━━━━━ DATA FOR ANALYSIS

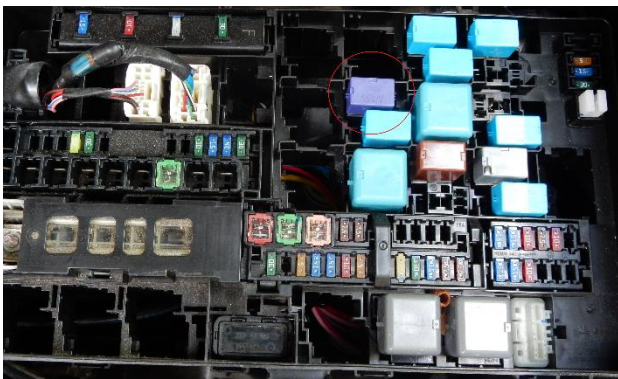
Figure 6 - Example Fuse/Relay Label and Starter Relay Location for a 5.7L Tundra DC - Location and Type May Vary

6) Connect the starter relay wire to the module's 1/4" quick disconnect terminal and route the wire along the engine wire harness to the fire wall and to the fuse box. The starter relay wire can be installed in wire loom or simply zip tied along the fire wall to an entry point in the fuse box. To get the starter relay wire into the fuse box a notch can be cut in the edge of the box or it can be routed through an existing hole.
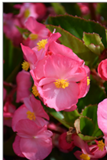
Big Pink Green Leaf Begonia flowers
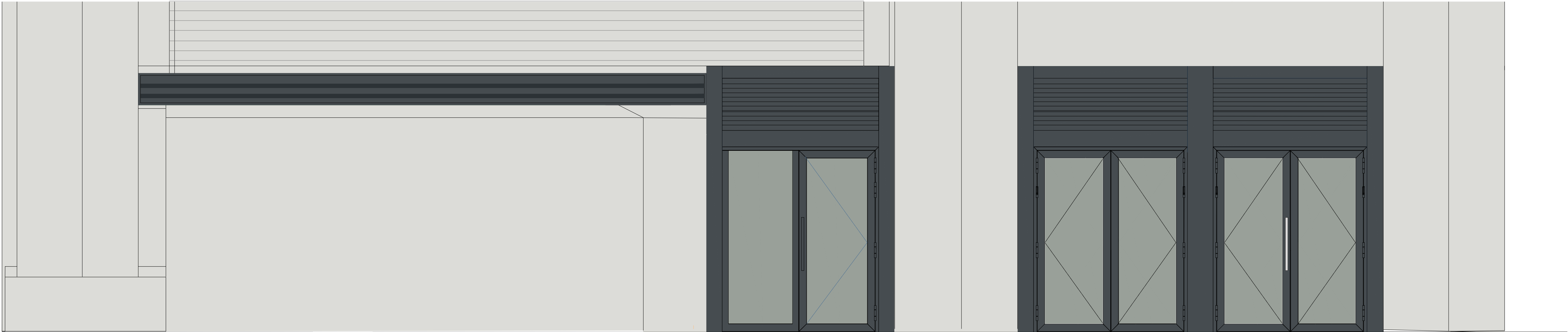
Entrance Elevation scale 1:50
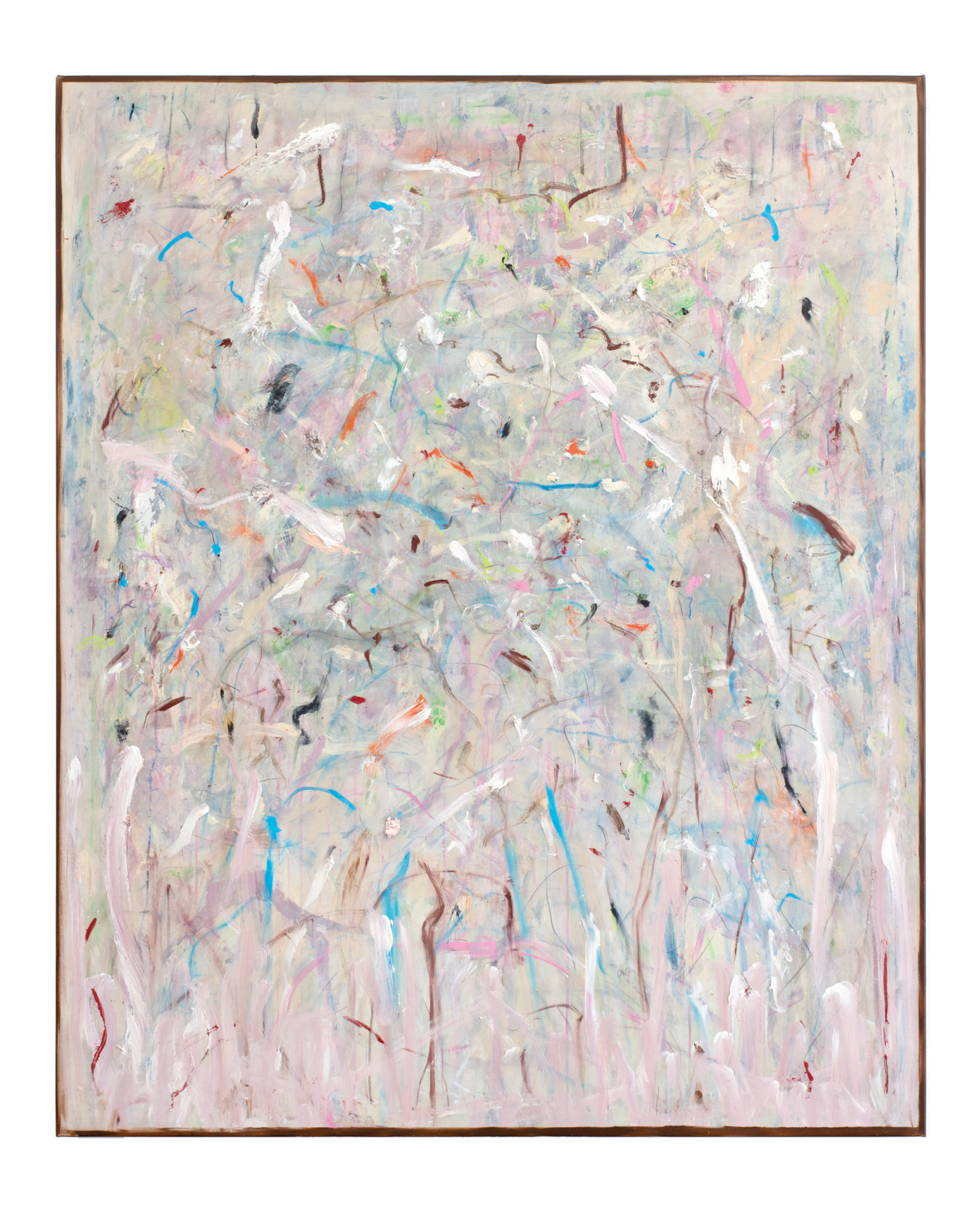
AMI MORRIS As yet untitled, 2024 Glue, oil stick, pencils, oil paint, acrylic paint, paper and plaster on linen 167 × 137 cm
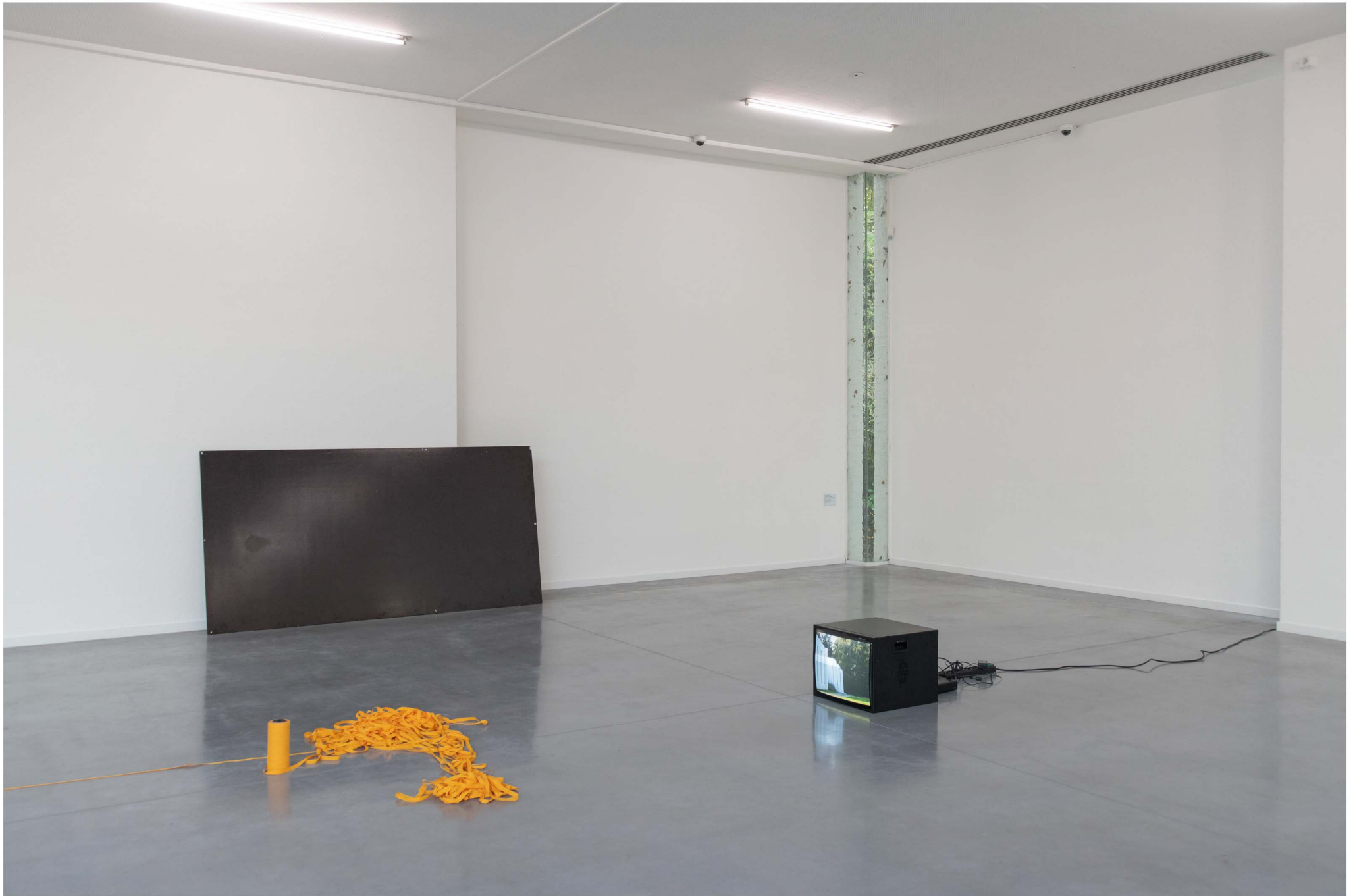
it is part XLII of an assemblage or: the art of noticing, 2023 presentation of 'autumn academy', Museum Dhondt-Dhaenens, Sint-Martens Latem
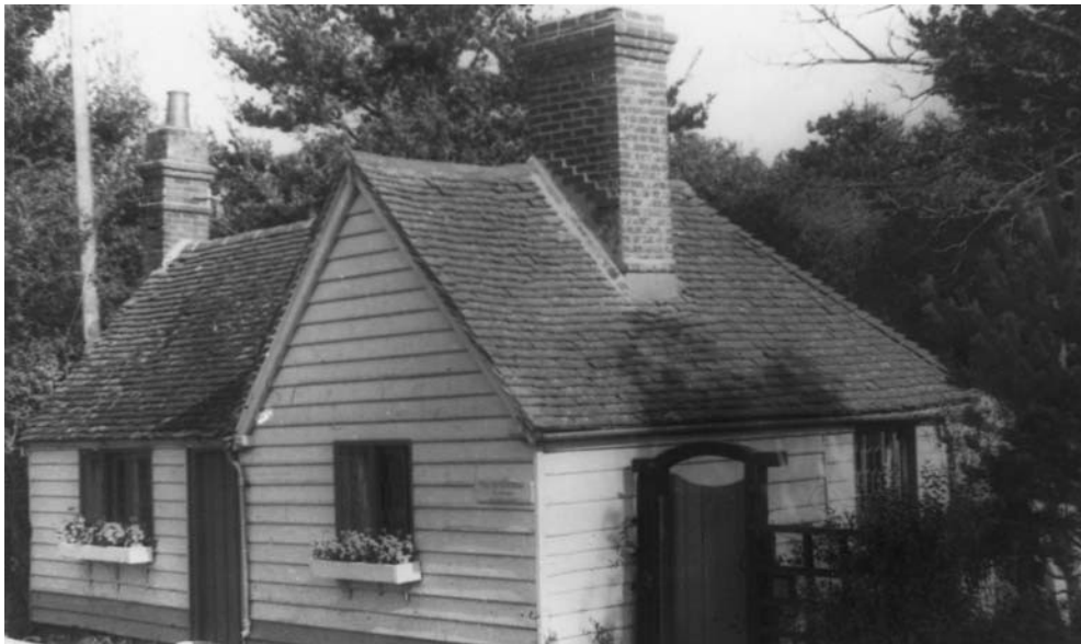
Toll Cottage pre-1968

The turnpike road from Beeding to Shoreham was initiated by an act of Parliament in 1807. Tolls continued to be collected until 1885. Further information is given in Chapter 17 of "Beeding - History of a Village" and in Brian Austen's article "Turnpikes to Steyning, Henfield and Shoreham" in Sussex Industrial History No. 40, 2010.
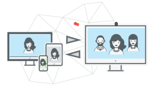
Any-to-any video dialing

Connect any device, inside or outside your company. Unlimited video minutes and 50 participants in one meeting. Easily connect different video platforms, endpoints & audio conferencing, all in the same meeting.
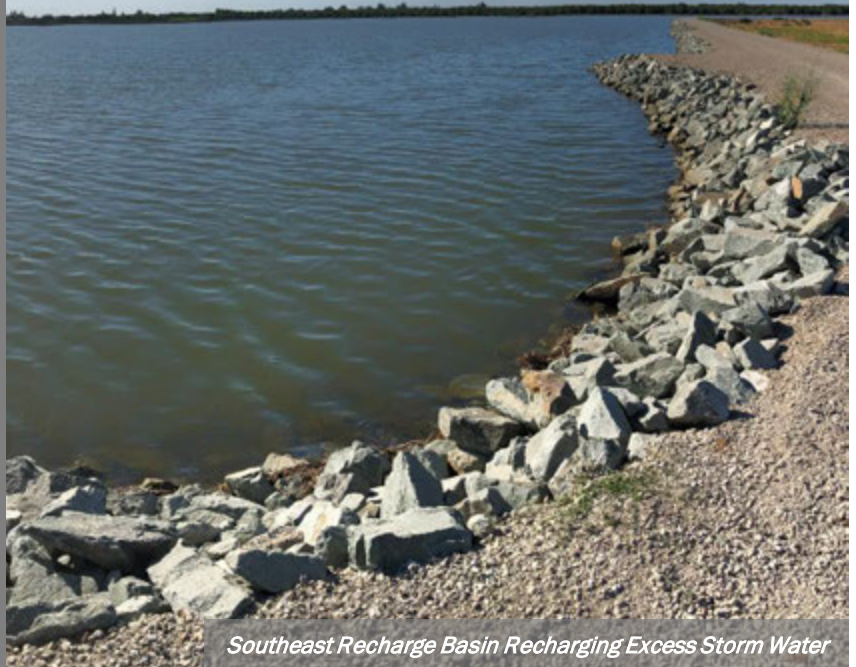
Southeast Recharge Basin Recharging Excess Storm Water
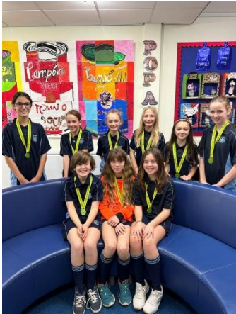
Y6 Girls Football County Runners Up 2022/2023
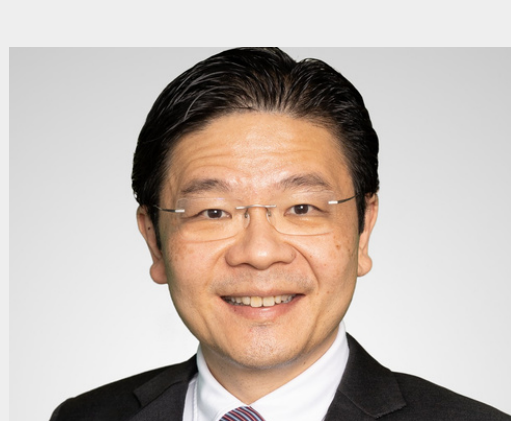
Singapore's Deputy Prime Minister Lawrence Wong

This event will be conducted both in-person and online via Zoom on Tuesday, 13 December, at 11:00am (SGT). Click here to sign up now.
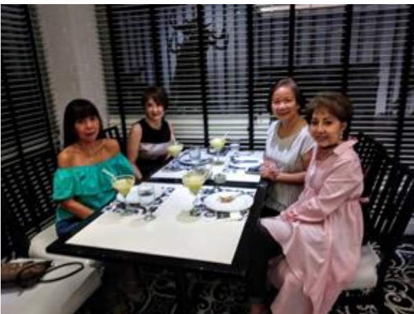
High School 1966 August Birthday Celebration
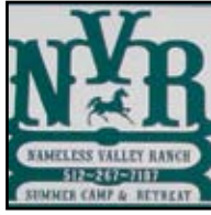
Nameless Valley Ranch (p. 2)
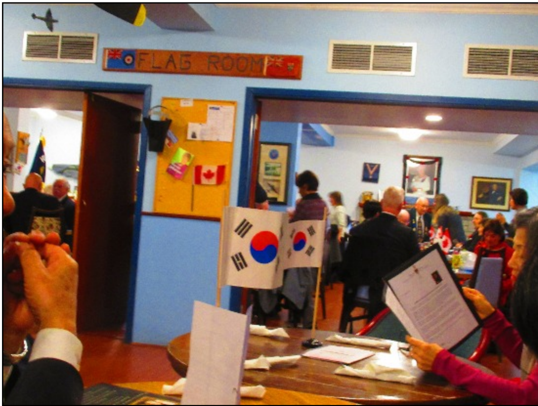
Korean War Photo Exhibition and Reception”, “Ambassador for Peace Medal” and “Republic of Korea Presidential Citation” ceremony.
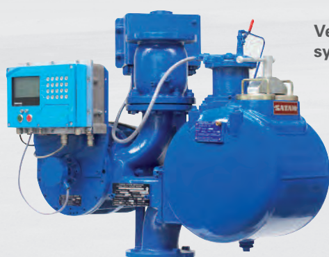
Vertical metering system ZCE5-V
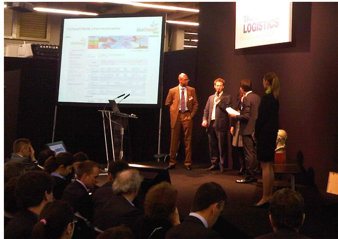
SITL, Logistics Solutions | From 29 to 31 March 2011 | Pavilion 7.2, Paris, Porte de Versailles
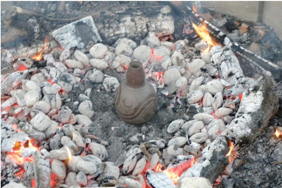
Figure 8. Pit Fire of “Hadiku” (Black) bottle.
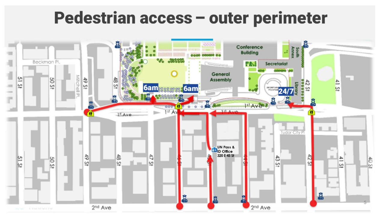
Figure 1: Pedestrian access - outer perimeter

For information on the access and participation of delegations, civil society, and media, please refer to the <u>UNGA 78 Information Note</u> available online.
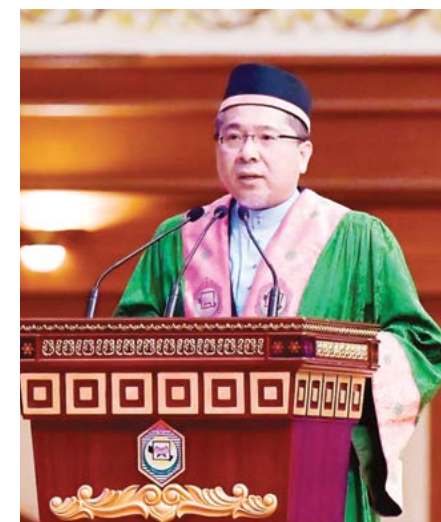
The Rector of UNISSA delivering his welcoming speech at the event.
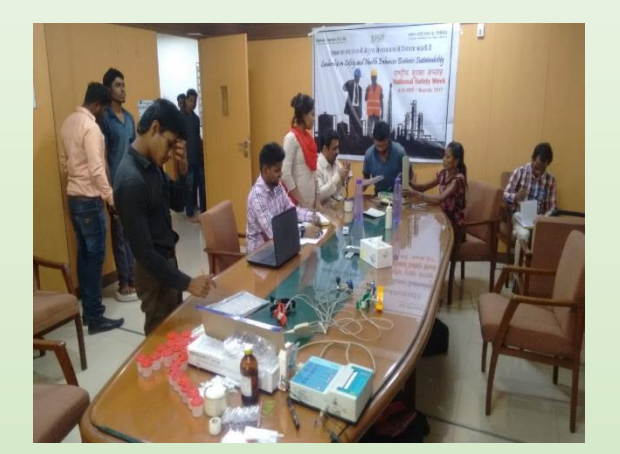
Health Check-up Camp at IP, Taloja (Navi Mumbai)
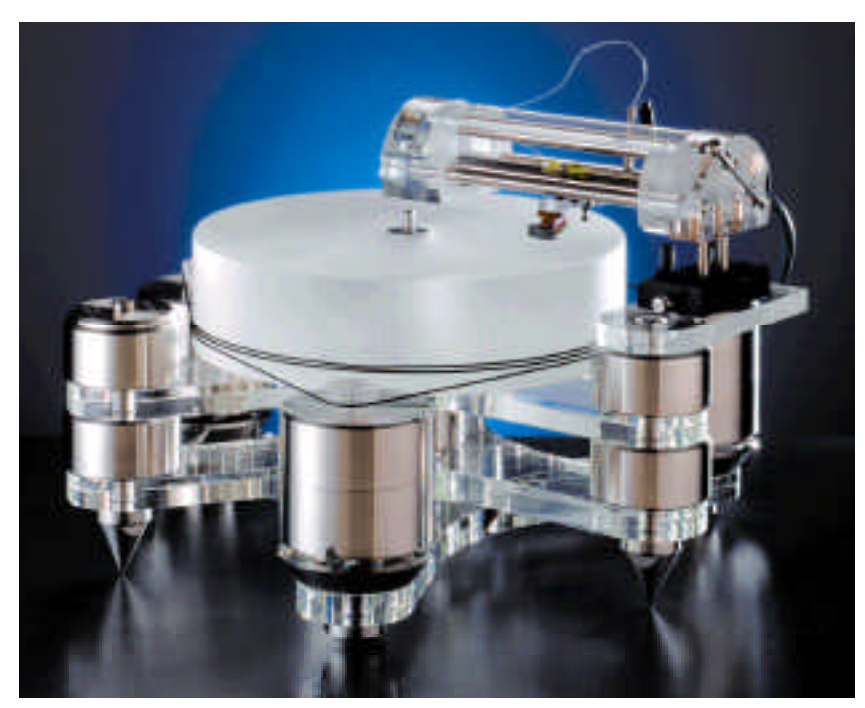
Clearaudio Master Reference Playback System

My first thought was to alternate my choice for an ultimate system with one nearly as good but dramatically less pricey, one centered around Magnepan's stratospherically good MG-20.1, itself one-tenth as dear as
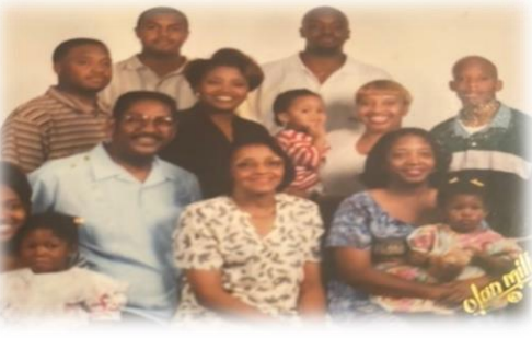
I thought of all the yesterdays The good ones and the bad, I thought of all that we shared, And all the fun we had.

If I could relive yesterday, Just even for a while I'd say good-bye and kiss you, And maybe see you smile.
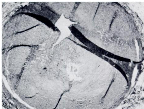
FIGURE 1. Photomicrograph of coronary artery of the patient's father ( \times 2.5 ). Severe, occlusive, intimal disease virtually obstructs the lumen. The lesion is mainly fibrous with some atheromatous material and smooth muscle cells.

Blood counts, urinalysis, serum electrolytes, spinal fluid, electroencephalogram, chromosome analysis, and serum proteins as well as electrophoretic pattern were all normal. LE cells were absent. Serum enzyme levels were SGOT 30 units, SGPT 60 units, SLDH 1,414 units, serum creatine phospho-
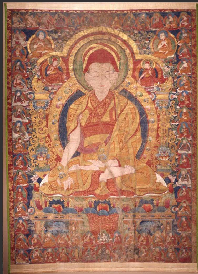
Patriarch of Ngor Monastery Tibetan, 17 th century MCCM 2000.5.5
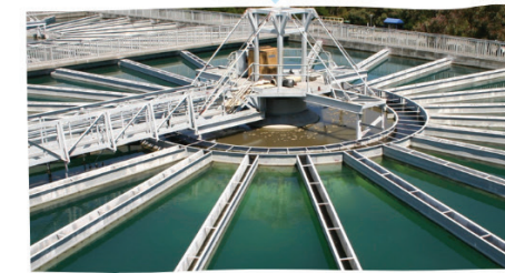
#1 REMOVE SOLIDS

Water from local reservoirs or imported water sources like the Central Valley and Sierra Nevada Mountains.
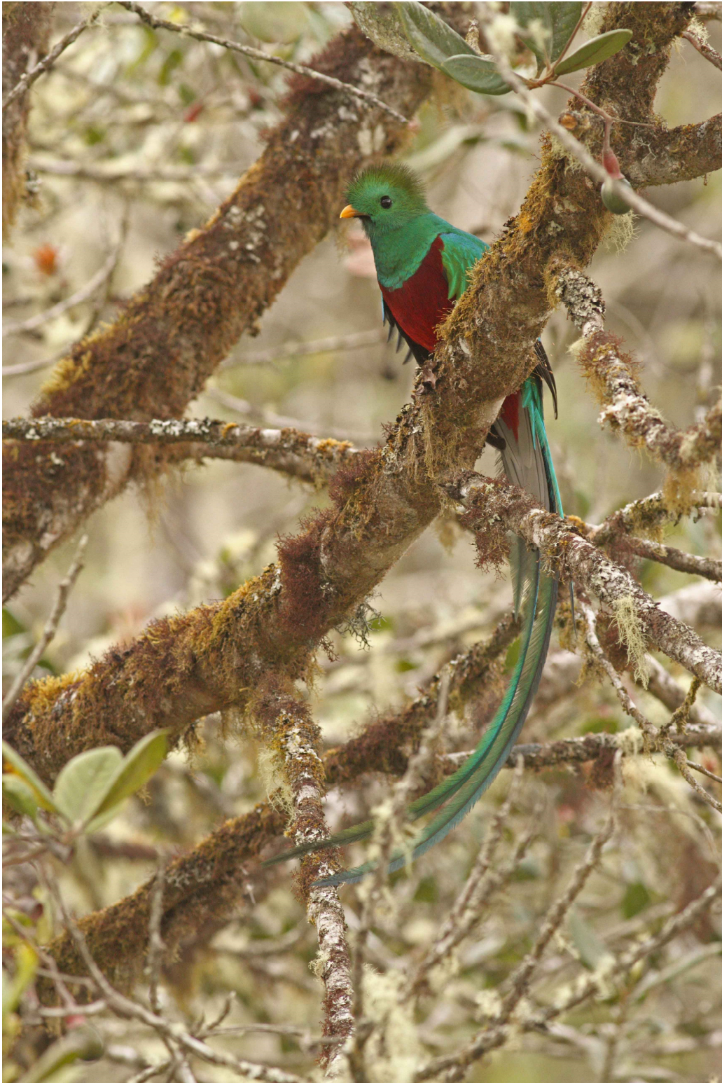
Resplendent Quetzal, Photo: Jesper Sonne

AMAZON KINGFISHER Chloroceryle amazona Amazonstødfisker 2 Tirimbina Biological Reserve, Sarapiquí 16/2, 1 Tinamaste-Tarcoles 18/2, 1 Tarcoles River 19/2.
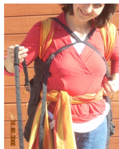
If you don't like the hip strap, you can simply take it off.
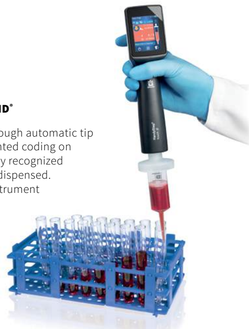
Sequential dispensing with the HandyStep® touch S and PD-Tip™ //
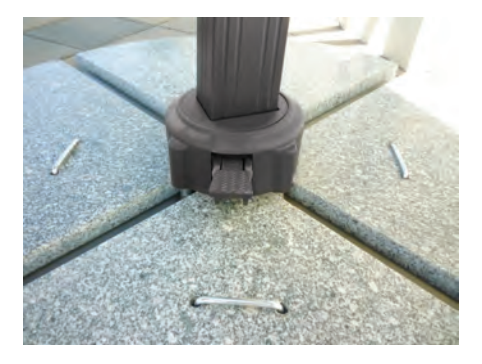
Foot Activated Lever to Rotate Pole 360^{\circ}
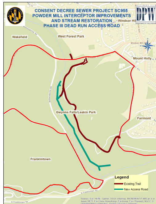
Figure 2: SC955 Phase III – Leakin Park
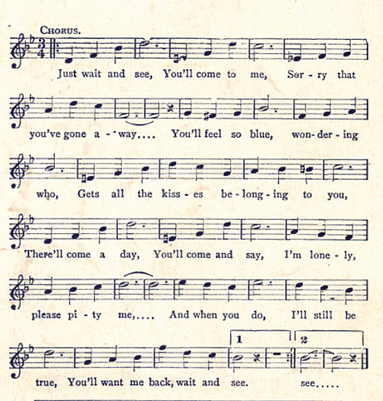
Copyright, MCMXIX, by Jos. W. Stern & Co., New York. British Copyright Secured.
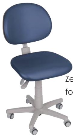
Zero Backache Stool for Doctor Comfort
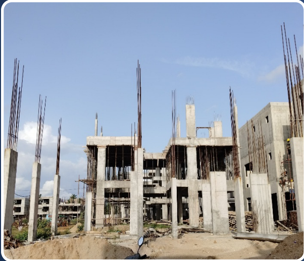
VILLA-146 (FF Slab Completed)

━━━━━━━━━━

ASSIGNMENT - Range to copy from the listing above: the line containing "6) Connect the" down to the line containing "Singapore's Deputy Prime", both included. Reproduce it exactly, minus the pictures, and add nothing.

ANSWER BOX -
6) Connect the starter relay wire to the module's 1/4" quick disconnect terminal and route the wire along the engine wire harness to the fire wall and to the fuse box. The starter relay wire can be installed in wire loom or simply zip tied along the fire wall to an entry point in the fuse box. To get the starter relay wire into the fuse box a notch can be cut in the edge of the box or it can be routed through an existing hole.
Big Pink Green Leaf Begonia flowers
Entrance Elevation scale 1:50
AMI MORRIS As yet untitled, 2024 Glue, oil stick, pencils, oil paint, acrylic paint, paper and plaster on linen 167 × 137 cm
it is part XLII of an assemblage or: the art of noticing, 2023 presentation of 'autumn academy', Museum Dhondt-Dhaenens, Sint-Martens Latem
Toll Cottage pre-1968

The turnpike road from Beeding to Shoreham was initiated by an act of Parliament in 1807. Tolls continued to be collected until 1885. Further information is given in Chapter 17 of "Beeding - History of a Village" and in Brian Austen's article "Turnpikes to Steyning, Henfield and Shoreham" in Sussex Industrial History No. 40, 2010.
Any-to-any video dialing

Connect any device, inside or outside your company. Unlimited video minutes and 50 participants in one meeting. Easily connect different video platforms, endpoints & audio conferencing, all in the same meeting.
Southeast Recharge Basin Recharging Excess Storm Water
Y6 Girls Football County Runners Up 2022/2023
Singapore's Deputy Prime Minister Lawrence Wong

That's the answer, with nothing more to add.